A five-point scale ranging from '1' strongly agree to '5' strongly disagree was used to measure three items developed for this paper: (1) green products are reliable; (2) green products are durable; (3) green products reduce wastage.
Perceived quality, according to Zhuang et al, (2010:1) plays an important role in enhancing purchase intention by reducing product performance risk and fostering consumer brand loyalty. Additional factors such as perceptions of price, perceived value and subjective norms are considered pivotal determinants of shopping behaviours and product choice that influence perception. Kim et al (2013: 260) emphasises that subjective norms are the best predictor of intentions.

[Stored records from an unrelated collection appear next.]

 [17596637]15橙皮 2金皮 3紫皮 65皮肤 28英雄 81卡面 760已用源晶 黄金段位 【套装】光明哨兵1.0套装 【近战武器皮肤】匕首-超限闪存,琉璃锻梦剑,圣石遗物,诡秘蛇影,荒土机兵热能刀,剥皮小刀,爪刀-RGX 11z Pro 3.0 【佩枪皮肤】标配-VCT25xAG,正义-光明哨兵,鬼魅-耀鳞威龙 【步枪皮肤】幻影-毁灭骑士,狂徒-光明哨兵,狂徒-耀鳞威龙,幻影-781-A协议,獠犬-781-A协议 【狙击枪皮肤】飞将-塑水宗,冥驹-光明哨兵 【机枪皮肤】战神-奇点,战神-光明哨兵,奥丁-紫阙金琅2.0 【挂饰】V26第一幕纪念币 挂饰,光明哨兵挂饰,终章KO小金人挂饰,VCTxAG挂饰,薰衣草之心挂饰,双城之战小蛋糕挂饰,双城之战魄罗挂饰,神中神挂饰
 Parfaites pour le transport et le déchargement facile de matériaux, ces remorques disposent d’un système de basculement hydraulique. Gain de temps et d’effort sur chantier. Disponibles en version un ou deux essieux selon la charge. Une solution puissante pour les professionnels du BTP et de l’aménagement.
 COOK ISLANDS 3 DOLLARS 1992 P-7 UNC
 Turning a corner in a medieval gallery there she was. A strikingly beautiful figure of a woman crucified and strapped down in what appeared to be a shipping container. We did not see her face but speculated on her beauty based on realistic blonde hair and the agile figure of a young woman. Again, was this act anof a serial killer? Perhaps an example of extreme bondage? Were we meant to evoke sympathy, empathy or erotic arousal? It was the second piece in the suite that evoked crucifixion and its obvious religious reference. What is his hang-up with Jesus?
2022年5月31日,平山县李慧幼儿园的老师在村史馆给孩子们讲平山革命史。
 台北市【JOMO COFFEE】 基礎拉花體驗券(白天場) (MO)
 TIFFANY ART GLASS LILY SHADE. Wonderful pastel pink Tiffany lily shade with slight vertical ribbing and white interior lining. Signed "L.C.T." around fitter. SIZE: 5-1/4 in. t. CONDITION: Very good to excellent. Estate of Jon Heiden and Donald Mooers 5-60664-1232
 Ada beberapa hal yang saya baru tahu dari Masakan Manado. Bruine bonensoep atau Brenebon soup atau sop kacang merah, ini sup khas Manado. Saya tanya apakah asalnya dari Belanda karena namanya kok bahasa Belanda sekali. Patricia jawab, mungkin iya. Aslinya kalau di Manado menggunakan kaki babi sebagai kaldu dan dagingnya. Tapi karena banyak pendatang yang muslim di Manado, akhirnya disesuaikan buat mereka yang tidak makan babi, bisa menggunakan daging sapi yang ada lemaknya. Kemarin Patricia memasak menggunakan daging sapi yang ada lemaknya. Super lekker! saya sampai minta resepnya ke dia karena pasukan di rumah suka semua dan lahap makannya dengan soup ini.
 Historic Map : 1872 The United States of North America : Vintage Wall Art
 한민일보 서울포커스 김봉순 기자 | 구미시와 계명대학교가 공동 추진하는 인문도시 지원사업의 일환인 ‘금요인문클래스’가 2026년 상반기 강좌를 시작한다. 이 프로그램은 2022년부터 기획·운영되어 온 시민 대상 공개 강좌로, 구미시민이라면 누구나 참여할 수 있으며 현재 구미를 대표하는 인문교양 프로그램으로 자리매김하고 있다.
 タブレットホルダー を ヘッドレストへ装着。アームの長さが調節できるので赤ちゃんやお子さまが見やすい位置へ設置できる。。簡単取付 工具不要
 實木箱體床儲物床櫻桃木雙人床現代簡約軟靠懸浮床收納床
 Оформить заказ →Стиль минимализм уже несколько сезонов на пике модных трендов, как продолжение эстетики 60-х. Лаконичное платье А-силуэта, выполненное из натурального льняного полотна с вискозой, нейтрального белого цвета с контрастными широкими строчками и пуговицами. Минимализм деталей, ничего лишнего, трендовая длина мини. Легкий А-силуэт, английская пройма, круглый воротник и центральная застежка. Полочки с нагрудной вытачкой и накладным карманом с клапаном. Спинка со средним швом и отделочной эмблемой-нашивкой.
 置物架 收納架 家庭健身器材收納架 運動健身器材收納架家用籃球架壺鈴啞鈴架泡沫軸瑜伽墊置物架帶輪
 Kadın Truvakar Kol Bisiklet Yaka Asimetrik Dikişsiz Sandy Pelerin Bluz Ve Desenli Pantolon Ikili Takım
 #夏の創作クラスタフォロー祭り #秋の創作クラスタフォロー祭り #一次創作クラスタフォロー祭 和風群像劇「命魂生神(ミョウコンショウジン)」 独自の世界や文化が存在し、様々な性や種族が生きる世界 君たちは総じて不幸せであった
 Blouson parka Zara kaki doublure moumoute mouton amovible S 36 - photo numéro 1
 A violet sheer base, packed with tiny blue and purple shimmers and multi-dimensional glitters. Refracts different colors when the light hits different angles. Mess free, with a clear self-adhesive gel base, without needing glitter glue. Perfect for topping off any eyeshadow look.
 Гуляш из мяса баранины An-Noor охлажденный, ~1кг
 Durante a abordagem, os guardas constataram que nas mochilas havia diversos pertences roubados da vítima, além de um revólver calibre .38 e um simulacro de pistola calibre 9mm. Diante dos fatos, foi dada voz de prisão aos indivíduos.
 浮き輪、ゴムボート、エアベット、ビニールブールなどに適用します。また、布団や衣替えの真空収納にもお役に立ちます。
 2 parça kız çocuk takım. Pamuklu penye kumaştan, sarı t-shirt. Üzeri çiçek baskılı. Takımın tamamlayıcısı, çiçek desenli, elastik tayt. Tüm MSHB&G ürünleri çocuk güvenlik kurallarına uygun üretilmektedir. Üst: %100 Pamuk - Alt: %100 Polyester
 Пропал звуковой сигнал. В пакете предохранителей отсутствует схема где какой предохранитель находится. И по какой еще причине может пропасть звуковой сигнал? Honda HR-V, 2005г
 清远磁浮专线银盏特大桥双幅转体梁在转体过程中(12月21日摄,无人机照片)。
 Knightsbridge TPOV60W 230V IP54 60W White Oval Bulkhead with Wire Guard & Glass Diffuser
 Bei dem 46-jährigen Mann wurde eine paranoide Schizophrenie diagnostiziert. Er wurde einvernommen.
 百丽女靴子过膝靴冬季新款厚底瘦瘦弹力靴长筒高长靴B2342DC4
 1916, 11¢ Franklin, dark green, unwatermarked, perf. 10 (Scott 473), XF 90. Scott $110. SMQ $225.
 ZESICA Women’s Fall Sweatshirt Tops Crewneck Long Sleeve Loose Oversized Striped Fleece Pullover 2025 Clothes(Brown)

A five-point scale ranging from '1' strongly agree to '5' strongly disagree was used to measure three items developed for this paper: (1) I have been buying green products over the last three months; (2) I am going to purchase green products more; (3) I will recommend green products to my friends and family.
Environmental concern refers to the emotional attachment of an individual to the welfare of the environment. It explains the preference for bio-degradable or recyclable products by environmentally inclined consumers (Yeung, 2004:101). From the above insinuation, it might be agreeable that consumers who exhibit high levels of environmental concern are presumed to develop favourable purchase intentions towards green products (Kim and Choi 2005:596). Thus, a proenvironment consumer will favour bio-degradable products over their opposite numbers. Certain factors such as environmental attitude (Lee, 2008:578; Samarasinghe, 2012:91); product quality (Chang, 2011:28; Ali et al. 2011:219; Chen & Chang, 2012:4) and environmental knowledge (Chea and Phau, 2011:456) do bear a major influence on environmental concern.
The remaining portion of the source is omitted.